_Prompt_:
Taking only the lines of the data below from the line with "的喇叭河暗香浮动、鸟语花香、" to the line with "Desde allí nos", ends included, write them out exactly and without pictures.

_Entries shown_:
◇ ◇ ◇ ◇ ◇

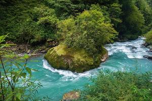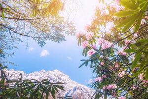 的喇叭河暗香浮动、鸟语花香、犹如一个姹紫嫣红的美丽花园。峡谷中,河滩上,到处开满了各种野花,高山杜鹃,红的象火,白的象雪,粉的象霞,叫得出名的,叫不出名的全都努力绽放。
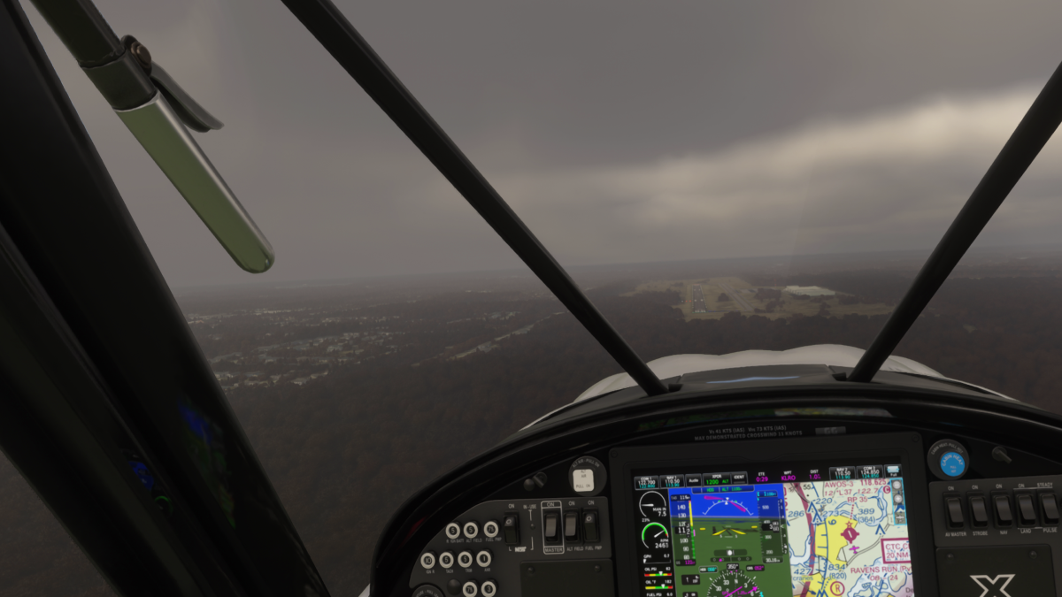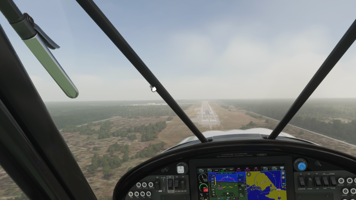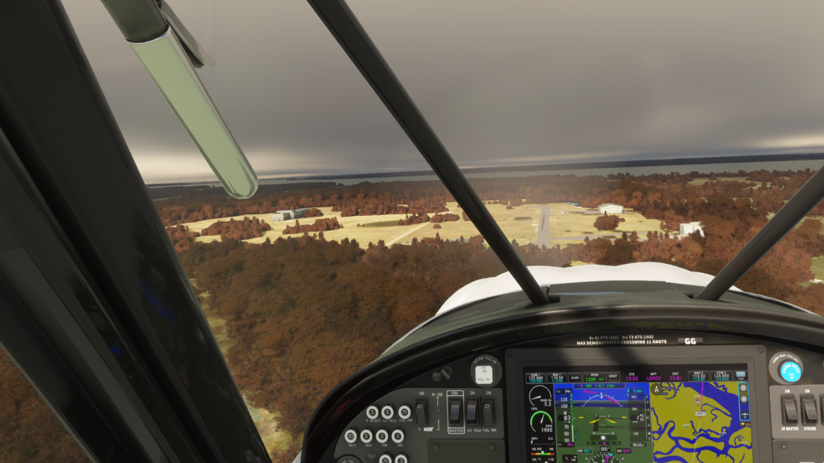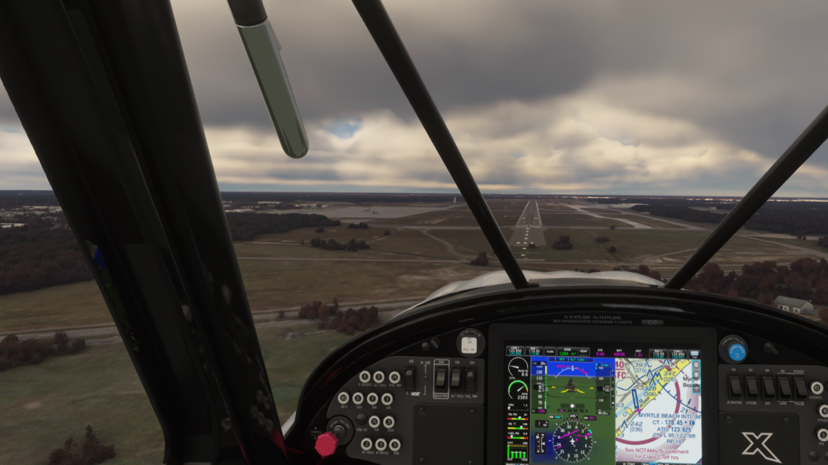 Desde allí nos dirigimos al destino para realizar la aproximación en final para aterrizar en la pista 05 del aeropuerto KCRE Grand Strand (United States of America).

◇ ◇ ◇ ◇ ◇

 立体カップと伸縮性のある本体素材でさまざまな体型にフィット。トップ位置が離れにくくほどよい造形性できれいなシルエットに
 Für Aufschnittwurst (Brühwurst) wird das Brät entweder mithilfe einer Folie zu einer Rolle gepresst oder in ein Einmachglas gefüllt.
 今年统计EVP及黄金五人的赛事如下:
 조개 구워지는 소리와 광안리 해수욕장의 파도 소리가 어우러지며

◇ ◇ ◇ ◇ ◇

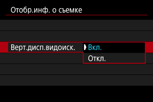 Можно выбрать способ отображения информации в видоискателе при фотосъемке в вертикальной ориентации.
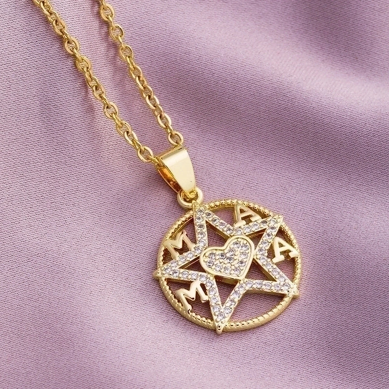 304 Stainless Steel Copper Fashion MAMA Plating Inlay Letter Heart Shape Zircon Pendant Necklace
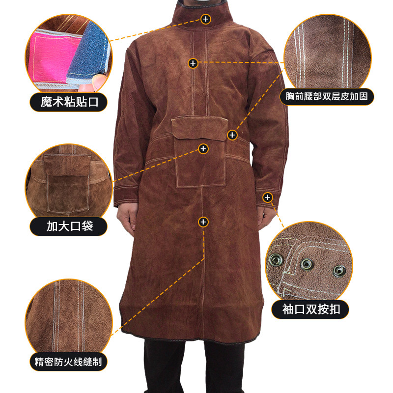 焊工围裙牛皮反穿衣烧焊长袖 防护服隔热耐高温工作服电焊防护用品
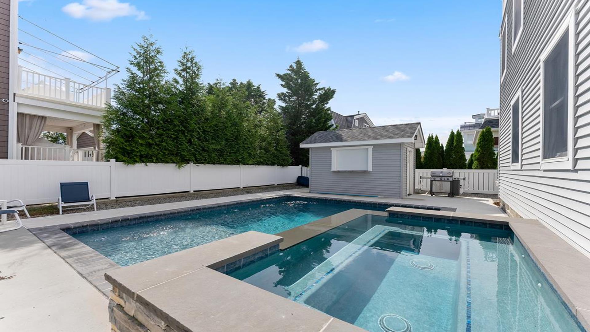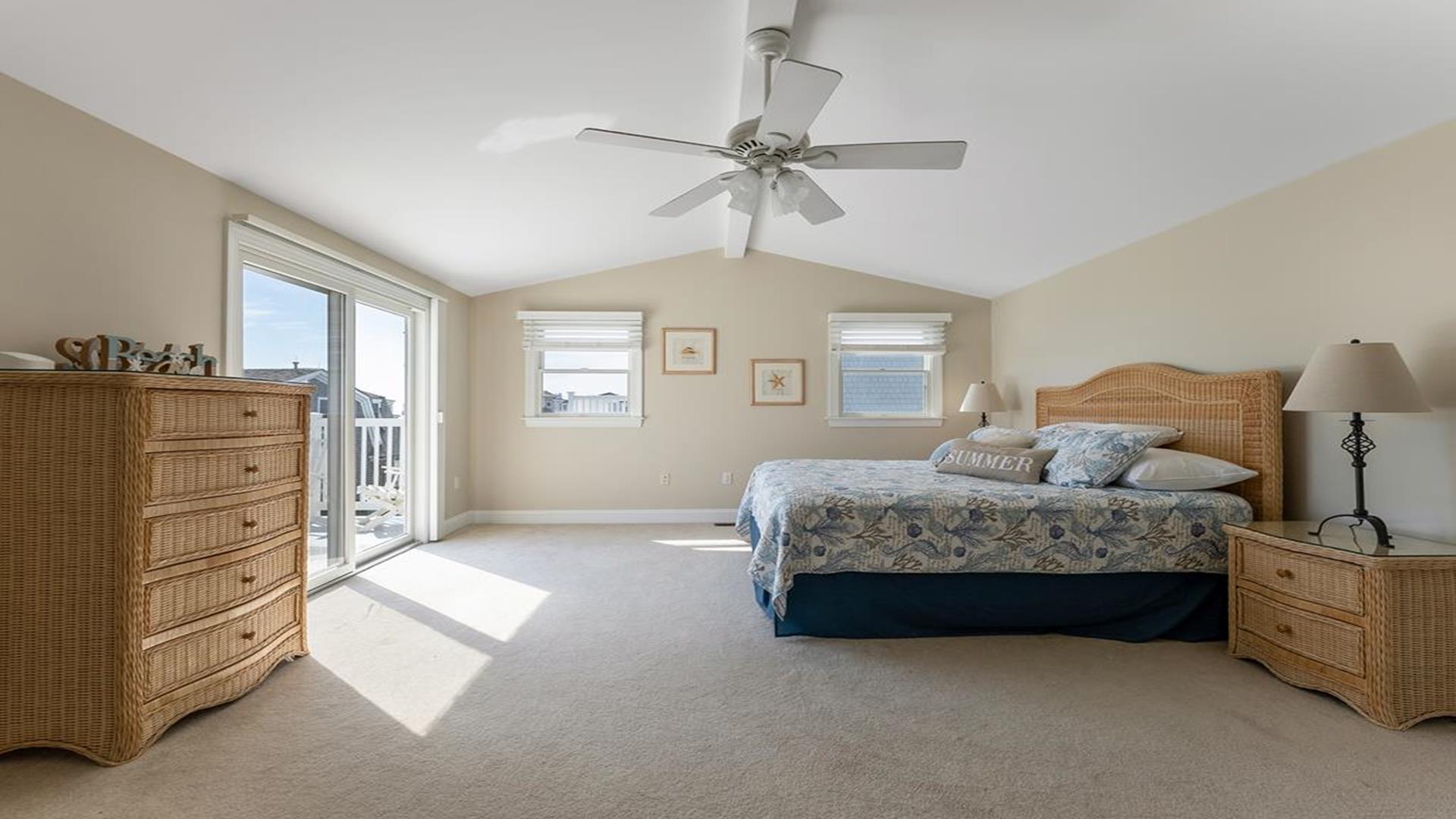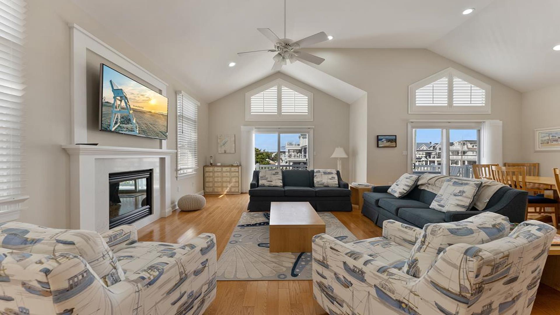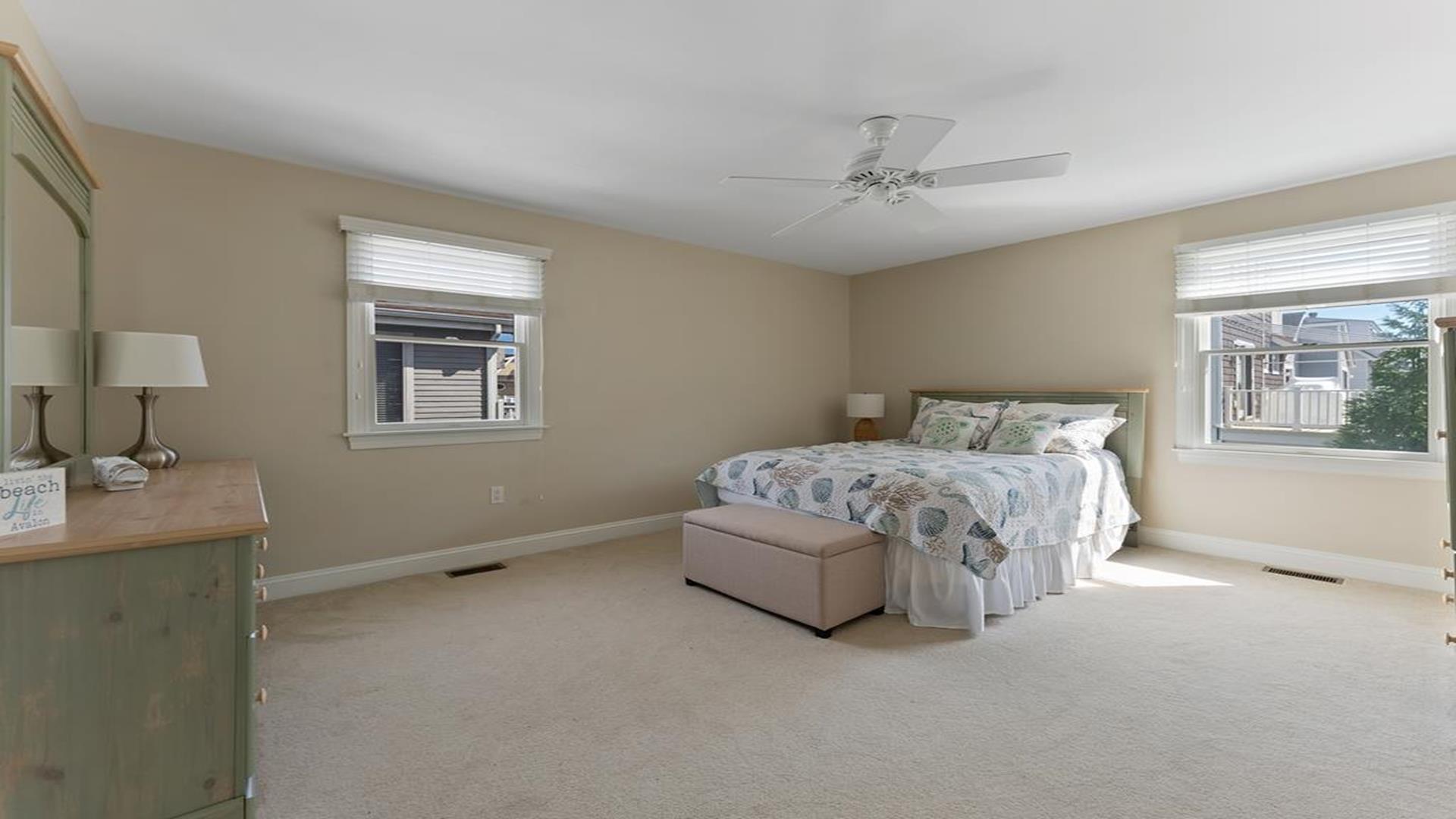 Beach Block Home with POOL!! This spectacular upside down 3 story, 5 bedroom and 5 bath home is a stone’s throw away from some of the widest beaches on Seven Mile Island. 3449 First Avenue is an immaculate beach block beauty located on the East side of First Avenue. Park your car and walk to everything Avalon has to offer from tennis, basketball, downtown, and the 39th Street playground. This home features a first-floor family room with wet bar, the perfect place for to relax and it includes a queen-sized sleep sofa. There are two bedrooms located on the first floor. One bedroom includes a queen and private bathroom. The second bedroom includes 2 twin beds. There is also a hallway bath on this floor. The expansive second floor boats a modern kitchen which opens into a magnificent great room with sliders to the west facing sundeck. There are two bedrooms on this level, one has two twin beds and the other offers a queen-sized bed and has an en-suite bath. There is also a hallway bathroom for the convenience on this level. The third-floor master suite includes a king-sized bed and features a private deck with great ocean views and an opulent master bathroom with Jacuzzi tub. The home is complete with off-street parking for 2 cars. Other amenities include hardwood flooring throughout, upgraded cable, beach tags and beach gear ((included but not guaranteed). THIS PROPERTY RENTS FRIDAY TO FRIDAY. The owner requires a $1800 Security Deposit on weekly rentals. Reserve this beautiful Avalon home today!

◇ ◇ ◇ ◇ ◇

_Written answer_:
 的喇叭河暗香浮动、鸟语花香、犹如一个姹紫嫣红的美丽花园。峡谷中,河滩上,到处开满了各种野花,高山杜鹃,红的象火,白的象雪,粉的象霞,叫得出名的,叫不出名的全都努力绽放。
 Desde allí nos dirigimos al destino para realizar la aproximación en final para aterrizar en la pista 05 del aeropuerto KCRE Grand Strand (United States of America).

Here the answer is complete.